彼女に出会った最初の年は持ち前の人見知りを発揮して、神様に対してただただ犬のように仕えた。まともに会話ができるようになったのは、秋の終わりのころ。神様が消える頃である。
その思い出を引きずって再開した2年目。しかし彼女はすべてを忘れていた。
その瞬間、なぜか腹が立った。腹が立つということは神様に何かを期待しているということである。そんな自分の心境の変化に驚いた。そうして3年目。やはり神様は昨年を忘れている。
それだけではない。神様は毎年を忘れていく。膨大な年月を生きる存在だからこそ、定期的に記憶を白紙に戻す必要があるのかもしれない。
記憶も完全に消えるものではない。母親のことを覚えていたり、過去の神饌のことを思えていたりもする。

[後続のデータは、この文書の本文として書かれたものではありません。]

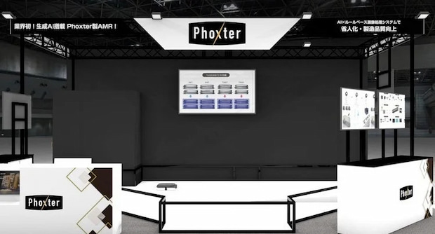 同社は生成AIによるチャット形式のトラブル復旧支援を搭載し、従来は数時間から数日かかっていたエラー復旧を数分に短縮できる仕組みを実演する。段差5ミリ、溝8ミリなど現場環境を再現したスロープ走行や、Phoxter製画像処理コントローラーによるパレット上ケースの品種判別・ルート最適化のデモも行う。

どこかにうっすらとした記憶を積もらせて、それでも表面の記憶はすっかり消えた状態で秋を迎えて冬に眠る。
それは、切ない。なんと切ない生き様だろう。
「神様はそうして何千年も」
「そうさ。秋に目覚めて米を食うだけの毎日だ」
「寂しくは?」
「時にはな。しかし今は寂しくないぞ。フウキがある。人の子と話をして飯を食うのは楽しいな」
飯はできたか。と神様がせかした。せかされるまま、蓋をあければ、白い粥が土鍋の底に揺れている
卵をひとつ取り出して、さっと割り入れる。塩をふって、軽くまぜる。再び蓋をして、数秒。
そうっとあけると、黄色の渦がまく粥ができていた。
「お粥だよ……ただし、中華粥」
今回の粥は和風ではない。生米を胡麻油で炒めて煮込む中華スタイルだ。だから、米はほろほろと崩れ汁には薄い油の膜が張っている。
「米が割れているだろ、これ米の花っていうんだって」
「綺麗だな」
土鍋ごと机に乗せ、粥をよそって差し出せば病人より先に神様がそれをすする。
「ん。ん」
白い湯気が彼女の顔を隠す。が、その向こうにうれしそうな神様のうめき声が聞こえた。
「とけた!」
米がとけたぞ、と驚くように彼女はいうのだ。そういえば、粥を作ったのははじめてのことである。
「……おいしい」
風樹もつられて、一口。あつあつで柔らかい。ここまで徹底的に米をいじめると、米は内部にためた水分を放流し、柔らかくなるのだ。歯も必要ない。押しつぶすだけで、とろとろととけていく。
米は水でできている。とよく聞くが、それは本当のことだった。こんなにも、水になじむ。
時折流れ込む卵の濃さがまたよかった。
熱で疲れた体に、米のうまみがしみじみと広がっていく。
「……だからなフウキ、できるだけ長く生きろ」
最後の一口をすすり込み、神様はどこかしんみりという。
「私から楽しみを奪うな。お前という楽しみを」
彼女はこれまで、何千人もの神饌を受け、その何千人と別れてきたのだ。記憶をとかしてなお、それは彼女の奥底に何かの闇を残しているのだろう。
両親の姿や声を忘れて腹の底が冷えていく、風樹と同じ感覚を神様も味わっているのかもしれない。
……きっとそうだ。そうに違いない。なぜか納得して、風樹は熱い粥をすする。
神饌の間だけは、腹が冷えない。二人の間に流れる湯気が、風樹の腹の底を暖めてくれている。そんな気がする。
「寿命とか……神様の力でなんとかならないの」
「米の神に無茶をいうな。職分は越えられん……もういっぱい、いただこうか」
神様は大仰にそう言って、肩をすくめる。
茶碗にそそがれた粥は、ゆっくりと湯気を上げて秋の冷たい空気にあたたかい湿度をまき散らしていった。